They were facing each other in a kind of stand-off, an island parting the stream of the
passeggiata
, some of the evening boardwalk-strollers already giving the two men curious glances. Sandro raised both palms, in a conciliatory gesture. ‘Giuli – you know Giuli? – asked me to help,’ he said. ‘Her boyfriend Enzo got her involved with the Frazione.’ Rosselli unbent a little at that, giving a slight inclination of his head at Enzo’s name.

Emboldened, Sandro went on. ‘You’re their great white hope, if that’s not the wrong expression. She was worried about – about, well, she had all sorts of ideas, after you collapsed at the rally. Assassination attempt foremost among them. Sabotage. Poisoned umbrella. That kind of thing.’

He tried a smile: Giuli’s conspiracy theories had been off the mark, after all. Nonetheless, he recalled the rally he and Luisa had seen in the Piazza del Carmine, and the comedy uniforms in their little military vehicle, his own musings about the secret service. Before Flavia Matteo’s body had been found: before everything changed. The world of men and their roadbuilding and machinations and bureaucracy somehow seemed tissue-thin by comparison with what that woman’s pale corpse represented. Grief.

Rosselli frowned at Sandro’s tentative smile. ‘And you think she was wrong?’

Sandro stared at him, bewildered. ‘I don’t understand,’ he said helplessly. ‘You – what do you mean? You think – you were poisoned?’ He grappled with the absurdity of the suggestion.

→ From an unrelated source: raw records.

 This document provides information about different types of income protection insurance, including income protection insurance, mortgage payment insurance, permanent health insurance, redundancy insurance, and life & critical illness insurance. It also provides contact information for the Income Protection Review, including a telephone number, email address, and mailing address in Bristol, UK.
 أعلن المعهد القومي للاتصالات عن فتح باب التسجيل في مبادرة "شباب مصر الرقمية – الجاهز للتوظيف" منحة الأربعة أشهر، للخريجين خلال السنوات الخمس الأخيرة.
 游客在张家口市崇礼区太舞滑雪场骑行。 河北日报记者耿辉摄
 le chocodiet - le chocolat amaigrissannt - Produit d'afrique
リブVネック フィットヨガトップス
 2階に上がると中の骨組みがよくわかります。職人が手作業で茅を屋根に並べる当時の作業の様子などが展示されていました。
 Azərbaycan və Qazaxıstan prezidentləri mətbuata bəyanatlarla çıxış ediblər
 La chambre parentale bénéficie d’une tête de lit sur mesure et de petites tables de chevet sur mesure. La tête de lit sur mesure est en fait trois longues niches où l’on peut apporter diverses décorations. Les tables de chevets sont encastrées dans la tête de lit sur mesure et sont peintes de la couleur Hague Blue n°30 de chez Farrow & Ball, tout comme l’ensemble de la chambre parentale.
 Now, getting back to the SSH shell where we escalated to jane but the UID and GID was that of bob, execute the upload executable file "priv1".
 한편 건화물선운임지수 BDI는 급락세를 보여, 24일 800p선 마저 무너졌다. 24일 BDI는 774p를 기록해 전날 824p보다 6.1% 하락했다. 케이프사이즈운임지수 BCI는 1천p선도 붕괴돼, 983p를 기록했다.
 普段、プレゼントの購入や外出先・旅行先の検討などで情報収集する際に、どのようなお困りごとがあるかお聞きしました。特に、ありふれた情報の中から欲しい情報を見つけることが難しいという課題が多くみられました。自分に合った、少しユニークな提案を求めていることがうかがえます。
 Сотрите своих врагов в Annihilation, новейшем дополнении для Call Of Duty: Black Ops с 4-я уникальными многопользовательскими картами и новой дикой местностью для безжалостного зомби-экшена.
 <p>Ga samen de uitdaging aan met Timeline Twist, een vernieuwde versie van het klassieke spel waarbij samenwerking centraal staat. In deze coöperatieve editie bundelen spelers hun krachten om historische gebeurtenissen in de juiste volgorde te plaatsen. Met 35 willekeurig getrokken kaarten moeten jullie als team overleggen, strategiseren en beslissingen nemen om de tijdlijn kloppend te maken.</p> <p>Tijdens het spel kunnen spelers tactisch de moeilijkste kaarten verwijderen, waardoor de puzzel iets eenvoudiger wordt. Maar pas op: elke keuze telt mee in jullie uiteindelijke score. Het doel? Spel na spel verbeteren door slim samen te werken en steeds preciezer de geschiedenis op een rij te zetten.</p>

‘I wasn’t poisoned,’ said Rosselli, and he seemed to collapse a little as he spoke. ‘No. I hadn’t eaten for days, I was under stress. As a matter of fact, the doctors in the hospital did all sorts of toxicological tests, and there was nothing.’

‘But you were – you thought it was a possibility?’

‘I don’t know what I thought,’ said Rosselli, looking grey with tiredness. ‘Carlo – Awocato Bastone – had been very jumpy. The bigger the party grew, the more he kept saying we needed to stay small, not to attract too much attention. To bide our time – but how does one do that? If the people come, then they come. Perhaps you don’t – perhaps you aren’t in sympathy with our cause. But this country needs us to stand up, that man – our prime minister—’ He broke off.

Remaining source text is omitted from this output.